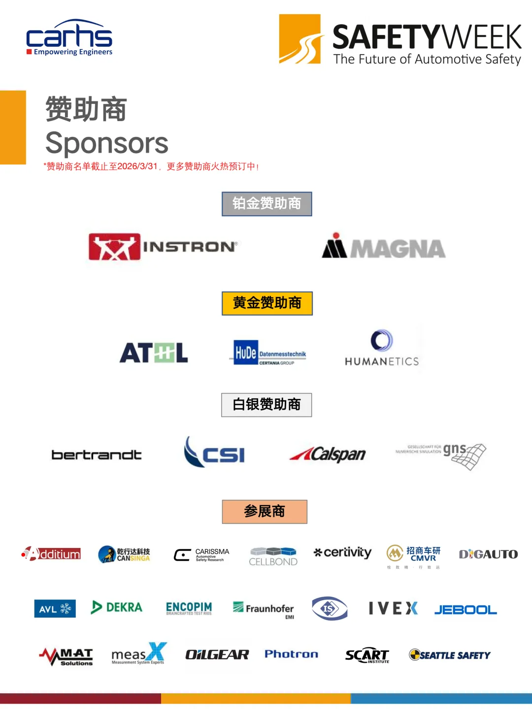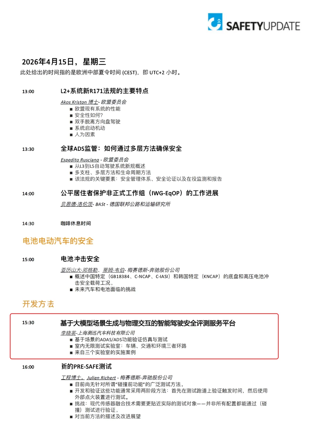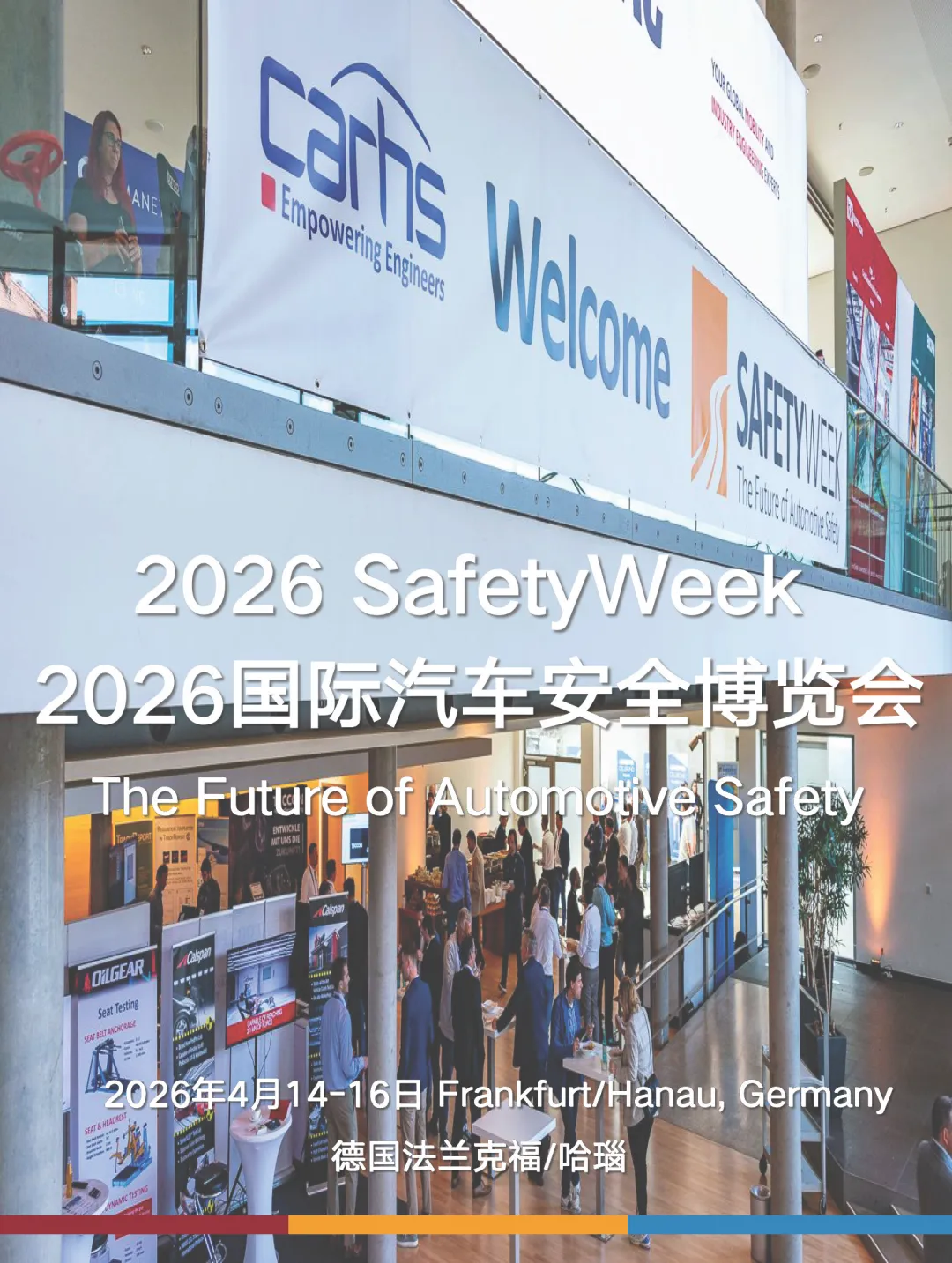 深耕汽车安全领域23载,从法规标准到技术落地,从测试仿真到自动驾驶,德国国际汽车安全博览会(SafetyWeek)早已成为全球汽车安全人心中的「年度必赴之约」。2026年4月14-16日,这场盛会将第24次登陆德国法兰克福,最新全议程正式发布,60+行业顶尖专家、三大核心专题会议、一站式安全技术展,还有专属行业社交与前沿技术研讨,所有汽车安全领域的核心机遇,都在这里!
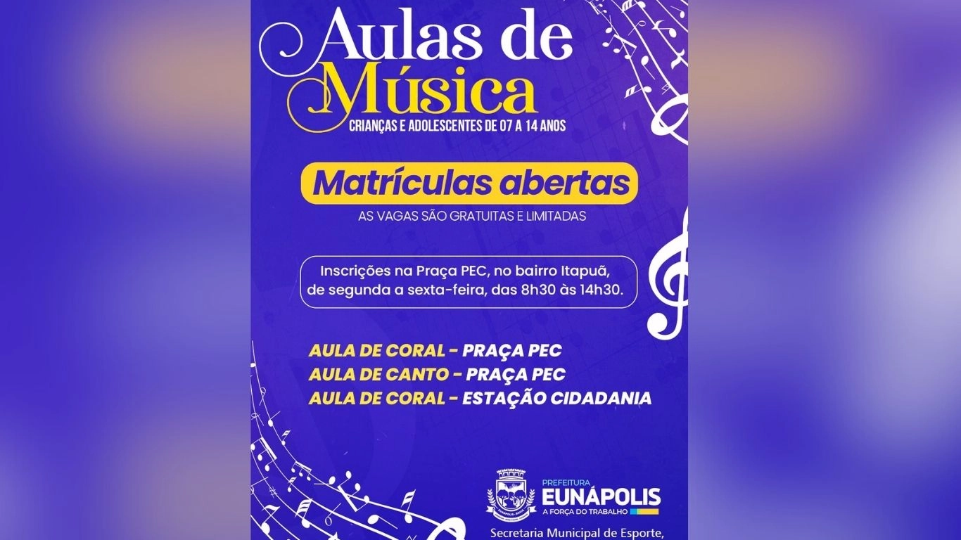 Prefeitura de Eunápolis abre inscrições para oficinas gratuitas de coral e canto para crianças e adolescentes
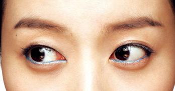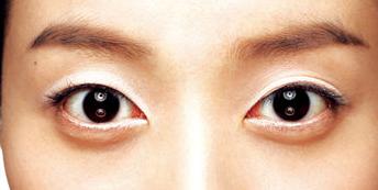 2.在单眼皮上面要用白色系列的颜色的话,会很容易被误会成是眼睛肿了。所以,先抹粉色系列的眼影然后在上面再抹上白色眼影。最后在眼睛下面用白色眼线笔画上眼线就可以让眼睛看起来更大更圆。
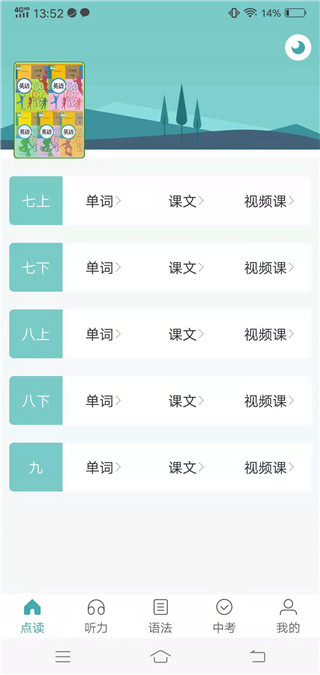 包含七、八、九年级的听力训练,配有高清发音,并且听力内容与教材紧密结合、由简到难。
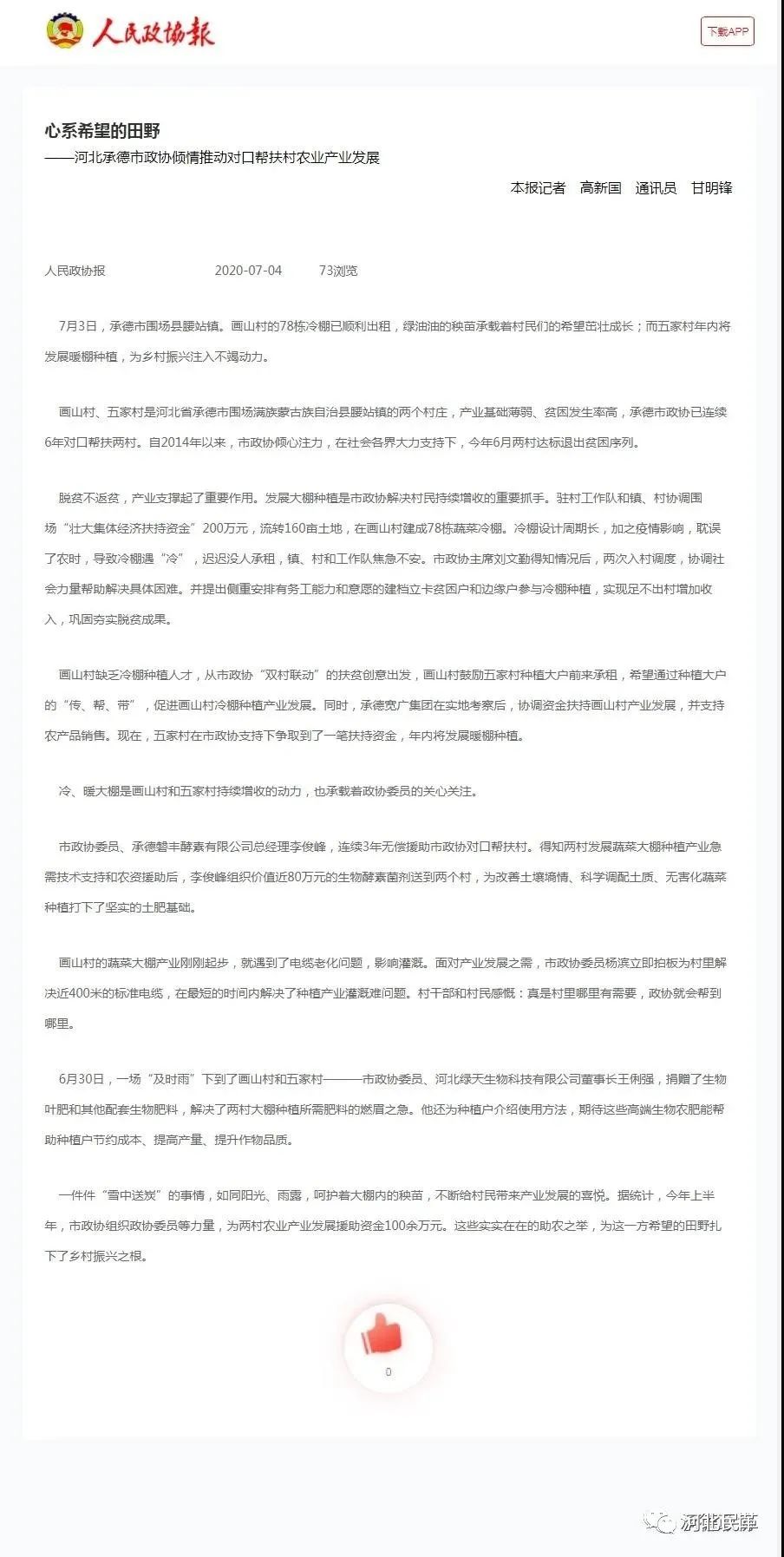 7月4日,以《心系希望的田野——河北承德市政協(xié)傾情推動對口幫扶村農(nóng)業(yè)產(chǎn)業(yè)發(fā)展》為題,《人民政協(xié)報》、人民政協(xié)網(wǎng)、河北政協(xié)網(wǎng)、承德政協(xié)網(wǎng)等多家媒體對此事進(jìn)行了報道。

= = =

Problem to work on => Print the material word for word without images.

Problem solution =>
 深耕汽车安全领域23载,从法规标准到技术落地,从测试仿真到自动驾驶,德国国际汽车安全博览会(SafetyWeek)早已成为全球汽车安全人心中的「年度必赴之约」。2026年4月14-16日,这场盛会将第24次登陆德国法兰克福,最新全议程正式发布,60+行业顶尖专家、三大核心专题会议、一站式安全技术展,还有专属行业社交与前沿技术研讨,所有汽车安全领域的核心机遇,都在这里!
 Prefeitura de Eunápolis abre inscrições para oficinas gratuitas de coral e canto para crianças e adolescentes
 2.在单眼皮上面要用白色系列的颜色的话,会很容易被误会成是眼睛肿了。所以,先抹粉色系列的眼影然后在上面再抹上白色眼影。最后在眼睛下面用白色眼线笔画上眼线就可以让眼睛看起来更大更圆。
 包含七、八、九年级的听力训练,配有高清发音,并且听力内容与教材紧密结合、由简到难。
 7月4日,以《心系希望的田野——河北承德市政協(xié)傾情推動對口幫扶村農(nóng)業(yè)產(chǎn)業(yè)發(fā)展》為題,《人民政協(xié)報》、人民政協(xié)網(wǎng)、河北政協(xié)網(wǎng)、承德政協(xié)網(wǎng)等多家媒體對此事進(jìn)行了報道。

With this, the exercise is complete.